Not every exploration into new territory need be a super meaningful one.  Sometimes a session or two is enough for you to decide whether you want to bother investing more time into it or whether it (or the teacher for that matter) is just not your cup of tea.


----------



## Flying Crane (Apr 5, 2011)

dancingalone said:


> Michael, I agree with 99% of what you're saying. That said, Manny is obviously searching for something to supplement/replace his existing TKD training with. Comparing kata with his friend may be a good way for him to decide if karate (Shito-ryu, that is) is for him or not.
> 
> Not every exploration into new territory need be a super meaningful one. Sometimes a session or two is enough for you to decide whether you want to bother investing more time into it or whether it (or the teacher for that matter) is just not your cup of tea.


 
very good points, I agree.


----------



## Bill Mattocks (Apr 5, 2011)

Sanchin is for everyone.  You don't even have to be a martial artist to practice sanchin kata.  It's got what you need.

Sanchin breathing is even being noted now as being beneficial to your life and health.  Westerners breathe wrong starting soon after birth.  We breathe from the top, expanding our ribcage to take in air.  We weren't designed to work that way.  Sanchin breathing emphasizes breathing from the diaphragm, as we were designed to breath in the first place.  This brings in more air, and distributes it better in the lungs to give more oxygen to the lung tissue which needs it.  In through the nose, out through the mouth.

Low centered balance with a gripping or rooted stance teaches staying over your one-point, keeping your power in your hara, develops chinkuchi.

I am a mere beginner, but I already know the good it has done me.  It informs all my other kata, all my stances, all my breathing.  Everything is sanchin.

I'd recommend it for anyone.  Learn as much or as little of it as you can absorb; it's got more and more to offer as you get into it, but there is plenty for even the beginner like me.


----------



## Never_A_Reflection (Apr 5, 2011)

I think that trading forms is very interesting and can be a huge benefit  to both parties, but you have to be knowledgeable AND willing to learn.

Sanchin or Naihanchi/Tekki.  Both kata are considered to be the "heart" of various styles and are often taught first.  They contain very valuable basic concepts and I'm sure your friend can explain them as he teaches you, at least to the level necessary for someone learning the first kata of a style.  Now, if he doesn't know those or they aren't a key part of his style then obviously they won't be your best option--your best bet is going to be to learn whatever he thinks would suit you best and go from there.


----------



## searcher (Apr 5, 2011)

I am loving this.

I want to make a few recommendations:

Seisan-The first one in Isshinryu and the first for Chito-ryu.    One of my favorite kata and, IMO, one of the most important kata.
http://www.youtube.com/watch?v=NrcUAJR8ECk 
Sochin-an absolutely great kata and one that is often overlooked by many karateka.

Rohai-I have a special place for this kata in my list.   I used it for years at demonstrations and for competition.  Rohai can come in some variations.  I like Rohai Dai from Chito-ryu.

Naihanchi-very good representation of karate kata.    Loved heavily by Choki Motobu and those that have followed his example.



Manny-it all depends on what you are wanting to get from the kata.    I hope it is not just for show and you learn some bunkai for the kata you decide to learn.   No bunkai=dancing.


----------



## K-man (Apr 5, 2011)

I go along with Bill and his recommendation of Sanchin.

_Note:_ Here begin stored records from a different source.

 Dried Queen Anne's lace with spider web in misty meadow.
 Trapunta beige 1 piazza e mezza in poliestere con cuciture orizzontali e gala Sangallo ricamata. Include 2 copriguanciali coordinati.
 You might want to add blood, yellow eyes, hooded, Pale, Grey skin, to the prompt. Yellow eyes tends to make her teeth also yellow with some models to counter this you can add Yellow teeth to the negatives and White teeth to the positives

I also reinforce his adage "everything is Sanchin", but you will need a skillful practitioner to show you what that means. With respect to all who practise other than Okinawan Goju and Uechi Ryu, I believe most other styles followed or varied the Goju form of Chojun Miyagi. The Uechi Ryu and Goju forms of Sanchin came from the same region of China, Fujian province, but are significantly different. Miyagi closed the hands and slowed the strike to train 'extension'. The Uechi Ryu form is closer to the original Chinese form.

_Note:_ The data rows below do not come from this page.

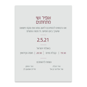 ההזמנה מגיעה על נייר כרומו (סטנדרטי), ניתן לשדרג לנייר נטול עץ או פנינה.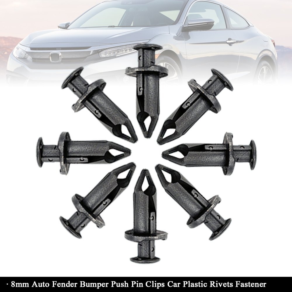 Car 100x 8mm Dia Hole Plastic Rivets Fastener Auto Fender Bumper Push Pin Clips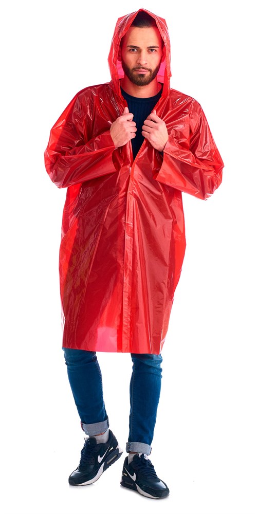 Плащ-дождевик СИРИУС-ЛЮКС на липучке ПВД 80 мкр. пропаянные швы, красный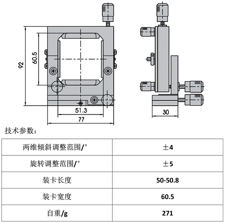 產(chǎn)品詳情 LPMMC251三維調(diào)整柱面鏡架 光學實驗鏡片安裝鏡片位移調(diào)整 在線咨詢 產(chǎn)品詳情 ● 可做兩維正交共面傾斜調(diào)整,并繞光軸旋轉(zhuǎn)調(diào)整 ● 可裝卡兩種尺寸的平凸或平凹柱面鏡,水平或豎直放置 ● 三維調(diào)節(jié),裝卡方便穩(wěn)定 偏光鏡架可將鏡片進行兩維傾斜或多維固定調(diào)整。調(diào)整螺桿采用細牙螺桿,鎖 緊手輪等固定方式,提供精細調(diào)整。根據(jù)不同的鏡片裝卡方式,不同的裝卡直 徑,不同的調(diào)整螺桿,不同的彈性復位方式分出近百種規(guī)格,廣泛應用于與光 學相關的科研,教學,工業(yè)產(chǎn)品特別是激光打標,激光焊接,激光雕刻,激光 劃片等激光加工設備上。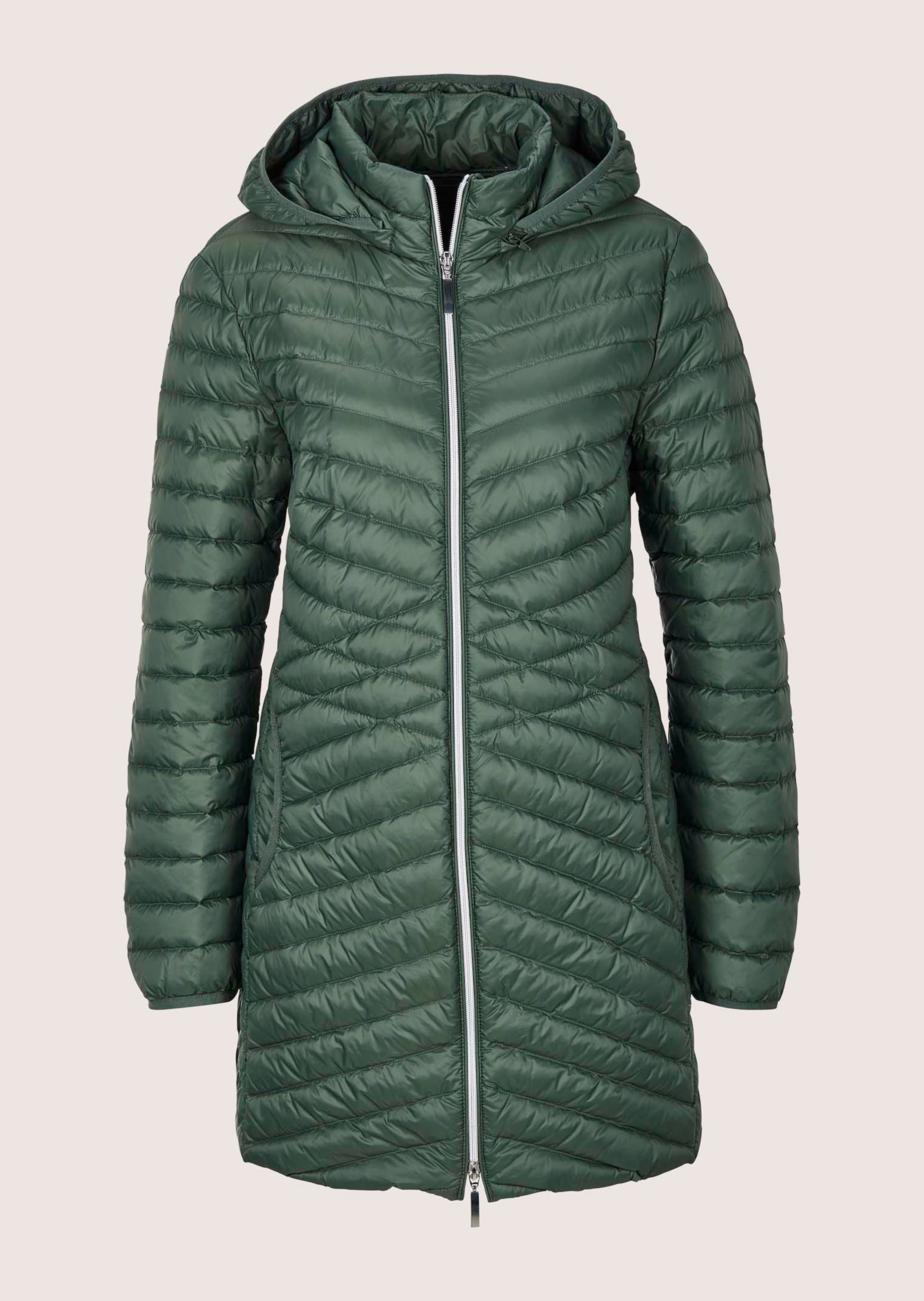 This coat with down and feather padding and figure-flattering stitching is pleasantly lightweight yet keeps you reliably warm. The longer fit with stand-up collar and hood protects against the elements, while elasticated cuffs on the hood and pockets ensure a comfortable fit. The two-way zip can also be opened from the bottom, which is particularly practical when sitting or cycling. A piece you'll want to have with you everywhere.
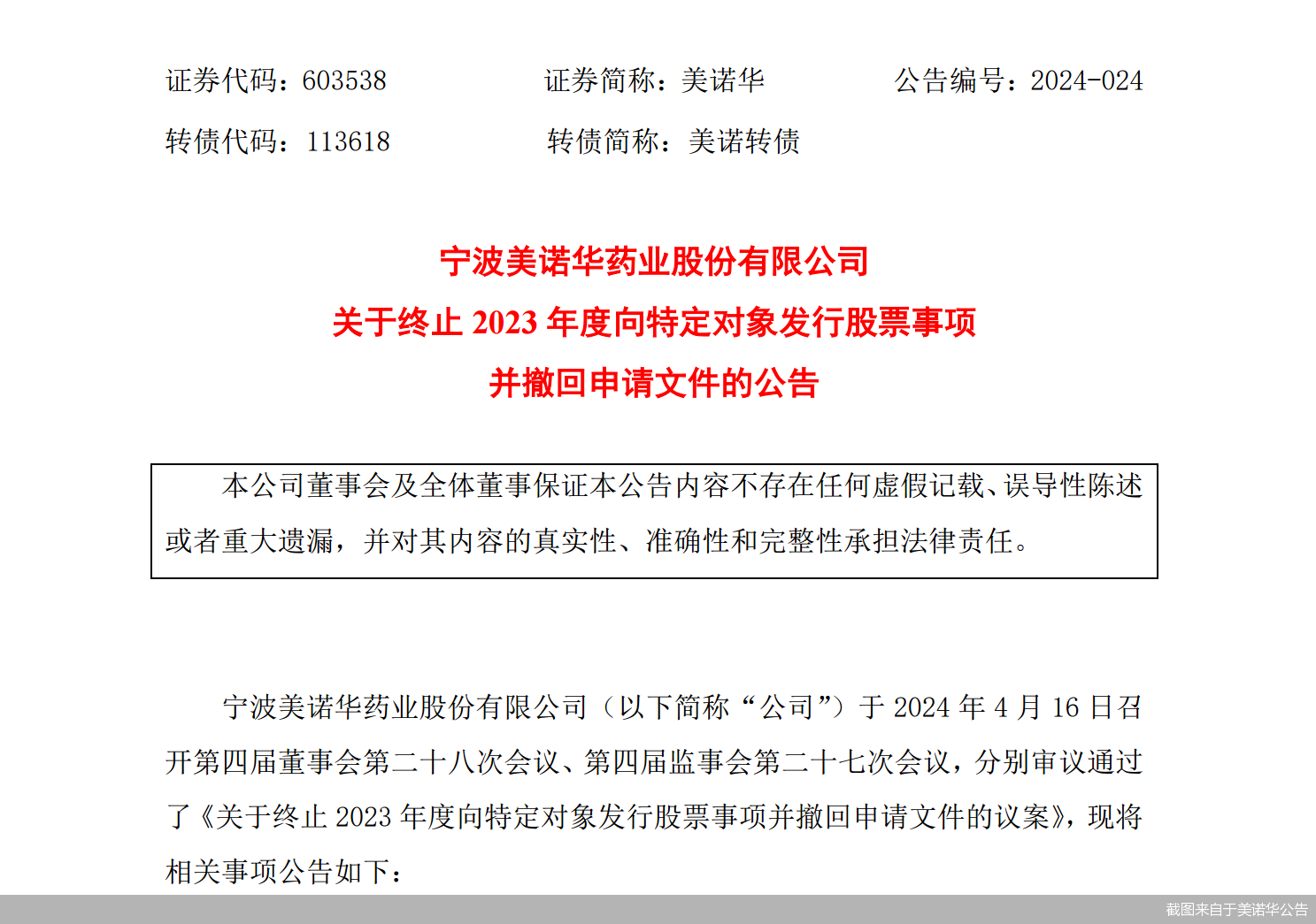 筹划近9个月,上述定增宣告终止。美诺华表示,综合考虑当前宏观、微观环境和市场情况变化以及公司发展规划等诸多因素,经相关各方充分沟通、审慎分析后,公司决定终止2023年度向特定对象发行股票事项,并向上交所申请撤回相关申请文件。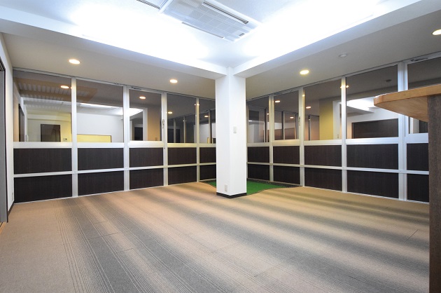 約19帖あるこちらのリビングは、メインのワークスペースとして、5,6人程度でデスクを並べてはいかがでしょうか。

http://www.youtube.com/watch?v=B7YDkZrJ-V0&feature=related 

.. and the Jundokan version as taught by Miyagi.





 
With regard to any other kata from any style, I would only learn it if the person showing you the kata can also show you plausible bunkai for the entire kata. (As *Searcher* said kata=bunkai). Without the bunkai kata is just a choreographed combination of techniques. I don't believe it's worth learning any kata just for the sake of performing it. 

Here is an example of bunkai performed by Masaji Taira Sensei at the Jundokan. For those who know Gekisai Dai Ichi kata, they will recognise that this is just the kata performed from start to finish. If Tori doesn't block at any stage, he gets hit and the bunkai finishes. From start to finish, all Tori does from the first punch is respond. All his responses are predicted. Either he gets hit (game over) or he blocks with his only option. If he manages to block the bunkai continues. In reality, that wouldn't be for too long.

http://www.youtube.com/watch?v=IwMZNPkCdL0&feature=related

It will be my great privilege to train with Taira Sensei in Australia next week. 

All traditional kata are good and I like Naihanchi in particular even though it is not a Goju kata. Of the Goju kata, I like Shisochin as the bunkai is great. Here is a slow version which shows the kihon kata. Sorry, I don't have a clip of the bunkai.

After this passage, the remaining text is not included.